■ Task objective: Only the lines from the one containing "2、在分类页面,选择卸妆分类,进入卸妆商品列表页面。" through the end of the entries are wanted, retyped exactly and without pictures.

^^^^

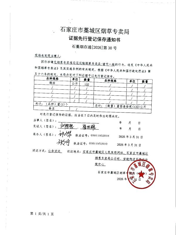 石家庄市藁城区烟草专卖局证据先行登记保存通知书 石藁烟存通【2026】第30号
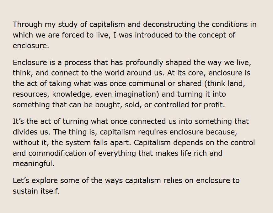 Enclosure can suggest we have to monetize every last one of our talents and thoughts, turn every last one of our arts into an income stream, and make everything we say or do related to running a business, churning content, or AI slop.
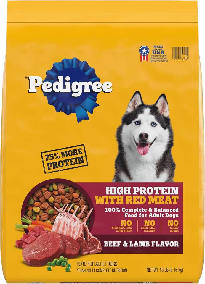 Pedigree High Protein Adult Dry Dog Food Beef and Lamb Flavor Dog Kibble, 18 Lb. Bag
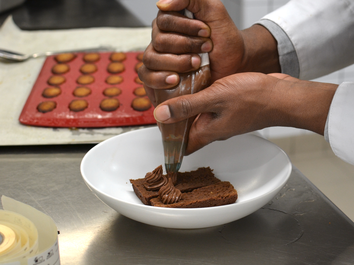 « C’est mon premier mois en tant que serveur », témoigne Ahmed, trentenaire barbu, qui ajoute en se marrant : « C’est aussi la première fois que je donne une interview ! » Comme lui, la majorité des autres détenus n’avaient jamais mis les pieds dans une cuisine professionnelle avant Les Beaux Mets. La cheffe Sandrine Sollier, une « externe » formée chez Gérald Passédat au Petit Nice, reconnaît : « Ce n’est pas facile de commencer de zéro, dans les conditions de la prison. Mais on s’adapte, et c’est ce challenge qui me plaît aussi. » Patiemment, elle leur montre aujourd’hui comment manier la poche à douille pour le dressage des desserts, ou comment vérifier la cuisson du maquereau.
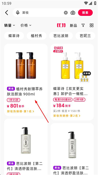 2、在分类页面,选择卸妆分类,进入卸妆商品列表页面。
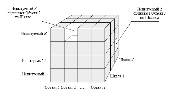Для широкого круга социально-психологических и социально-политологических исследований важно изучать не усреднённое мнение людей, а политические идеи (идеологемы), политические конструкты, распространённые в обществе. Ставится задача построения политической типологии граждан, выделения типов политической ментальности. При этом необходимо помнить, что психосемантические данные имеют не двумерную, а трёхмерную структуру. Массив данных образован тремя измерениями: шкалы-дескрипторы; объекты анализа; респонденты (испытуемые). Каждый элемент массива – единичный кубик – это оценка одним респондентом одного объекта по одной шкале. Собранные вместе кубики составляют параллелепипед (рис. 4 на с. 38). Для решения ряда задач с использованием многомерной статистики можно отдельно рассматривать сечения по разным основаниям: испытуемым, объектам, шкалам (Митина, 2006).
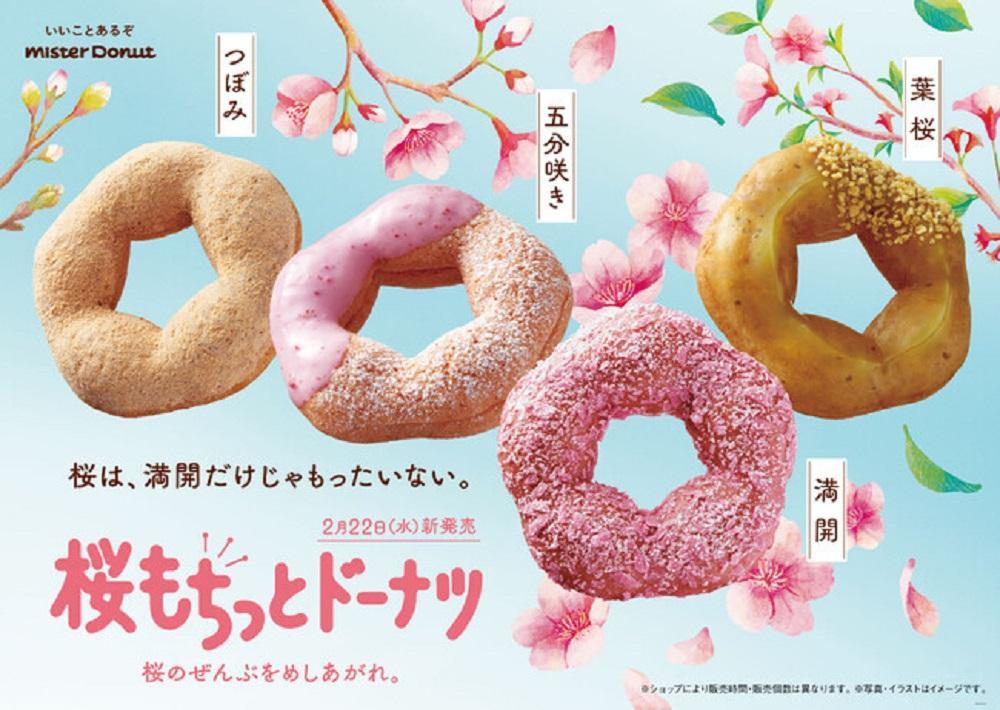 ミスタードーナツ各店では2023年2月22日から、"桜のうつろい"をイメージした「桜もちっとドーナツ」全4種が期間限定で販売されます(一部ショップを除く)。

^^^^

■ Completed exercise:
 2、在分类页面,选择卸妆分类,进入卸妆商品列表页面。
Для широкого круга социально-психологических и социально-политологических исследований важно изучать не усреднённое мнение людей, а политические идеи (идеологемы), политические конструкты, распространённые в обществе. Ставится задача построения политической типологии граждан, выделения типов политической ментальности. При этом необходимо помнить, что психосемантические данные имеют не двумерную, а трёхмерную структуру. Массив данных образован тремя измерениями: шкалы-дескрипторы; объекты анализа; респонденты (испытуемые). Каждый элемент массива – единичный кубик – это оценка одним респондентом одного объекта по одной шкале. Собранные вместе кубики составляют параллелепипед (рис. 4 на с. 38). Для решения ряда задач с использованием многомерной статистики можно отдельно рассматривать сечения по разным основаниям: испытуемым, объектам, шкалам (Митина, 2006).
 ミスタードーナツ各店では2023年2月22日から、"桜のうつろい"をイメージした「桜もちっとドーナツ」全4種が期間限定で販売されます(一部ショップを除く)。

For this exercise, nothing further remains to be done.